Bigger because I've stumbled on something that expands who I am, my understanding of the world, and the words that I use to know the world. Thought occurs in words; feral children raised without language do not and not invoke perception and logic in the same way that others can. The more I know of words, the more I can feel them, order them, sense them, use them - the more my place in the world expands. Maybe it's the growth of sorrow, of joy, of lust, of anger -- but always it is also the expanse of wonder. When I am really, truly in love, I've been content just to watch the object of my affection do any little thing; her smallest movement is entrancing. That's how I feel about well-turned phrases, about beautifully constructed stories - about that "oh god yes, it's just like that!" feeling one gets when absorbing the work of a real master.

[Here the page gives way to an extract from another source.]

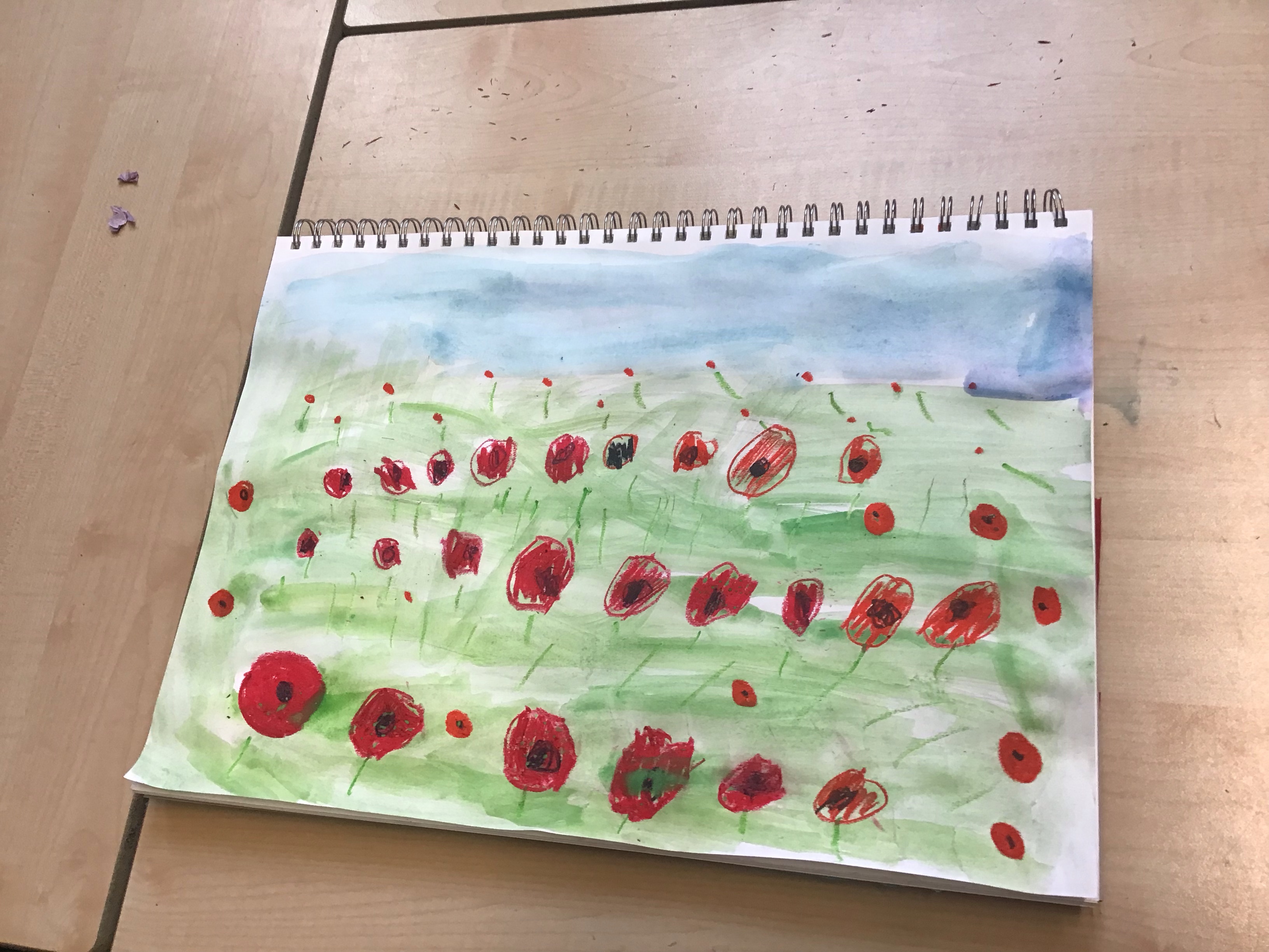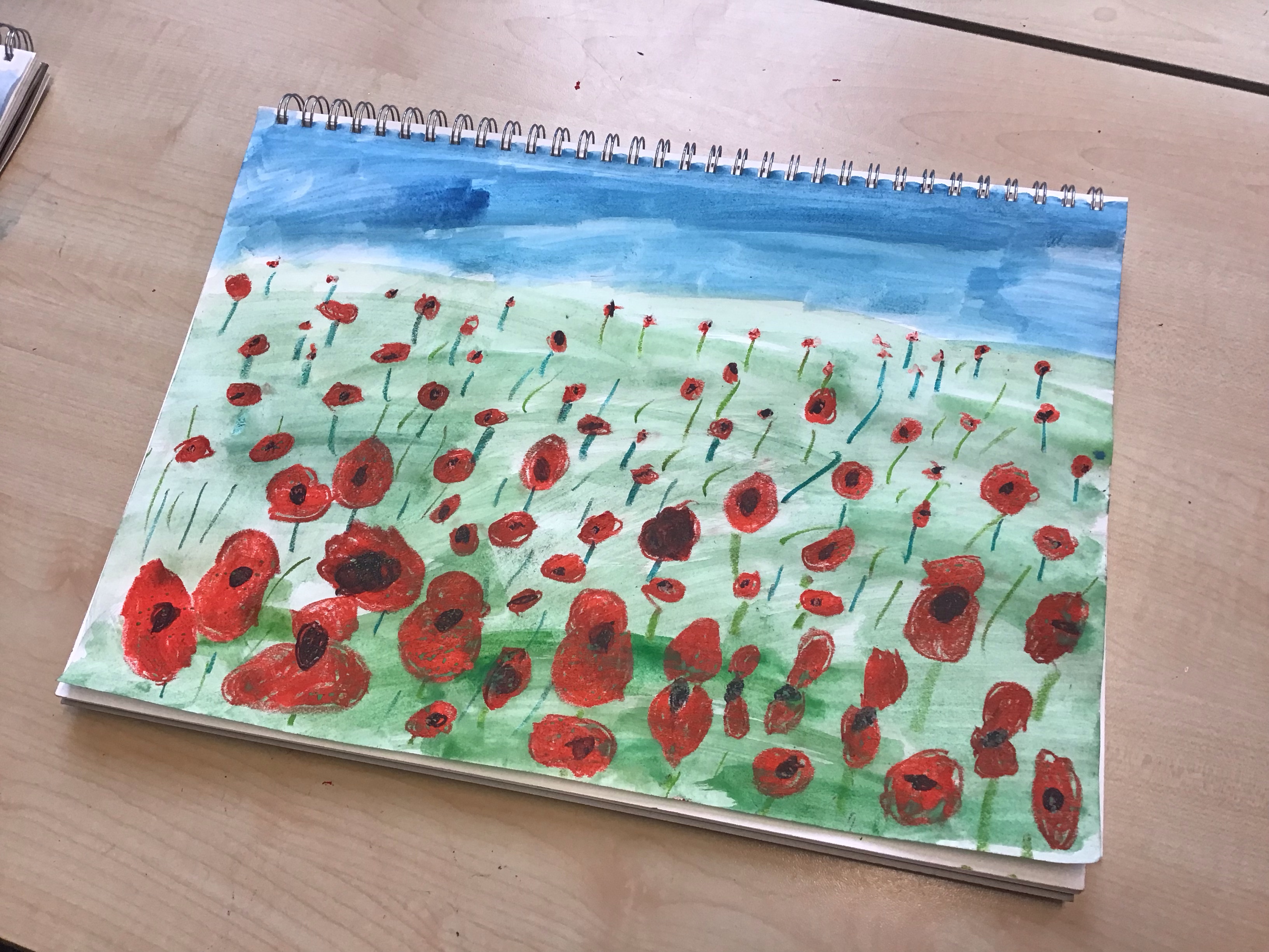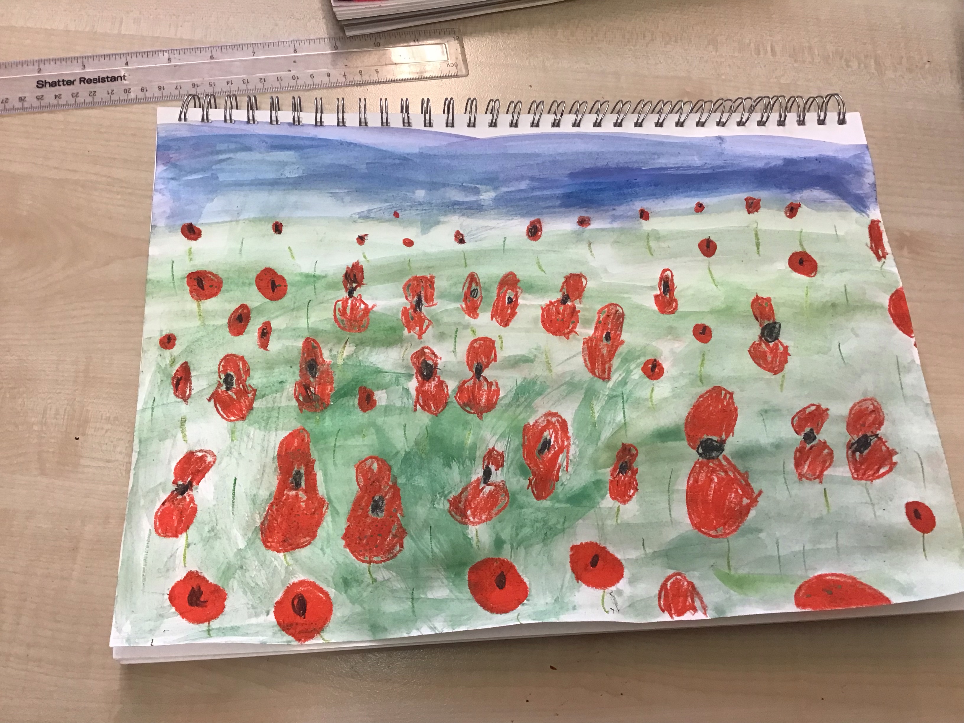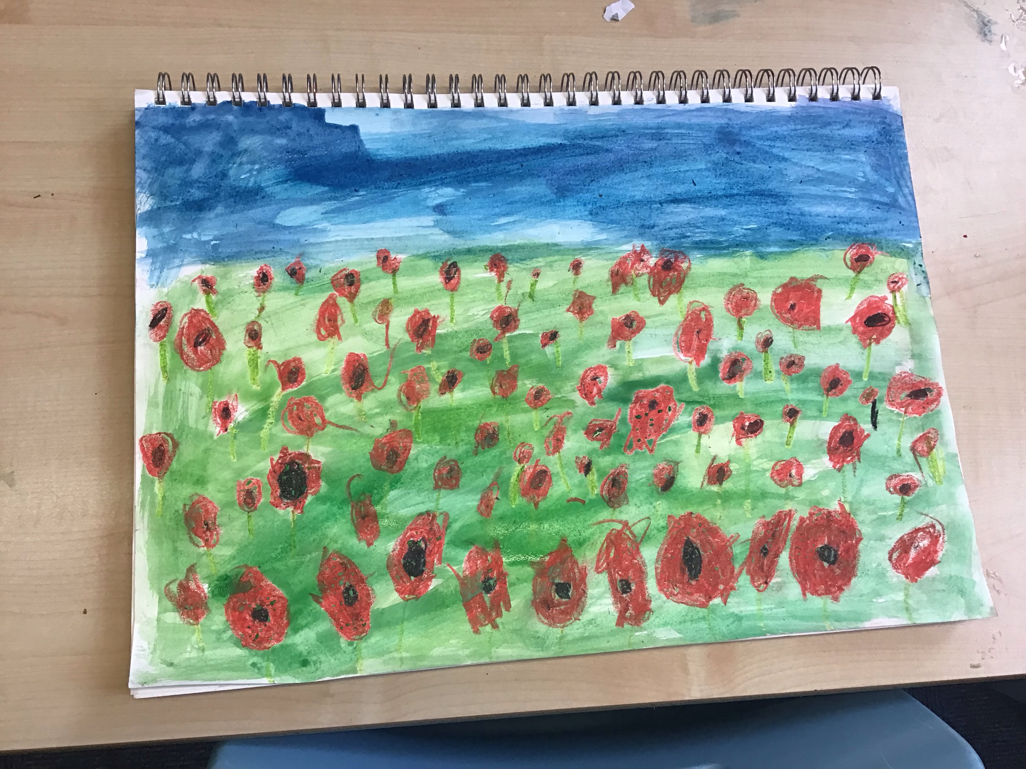To finish off the week, we enjoyed creating our own landscape pieces of art based on what we think Flanders field would look like when poppies grow each year. We used oil pastels and water colours to create our wonderful masterpieces. We talked about making sure the poppies in the foreground were larger than those in the middle and background.

And also I am smaller. I think of this fine writing, this amazing work - and I think also of my small, insignificant life. Of the stupid toys on my desk, of my thousand trivial obsessions and quotidian distractions. There is nothing grand about it, and I feel reduced. No - not reduced, but rather - put properly into my place, which is insignificant. The universe is vast and large and human deeds in it are of concern only to us - and even in that tiny sliver of what is real, all that I have done accounts for little, as I am too easily distracted by nonsense.
Oh, for the discipline to turn away from this, from going and getting another slice of picture, of noodling around with photographs, from fiddling around online. But here I am, fiddling around on line -- smaller by the minute. But yes, I certainly can appreciate the vlaue of that more and more, as years go by; thanks to good words, used well.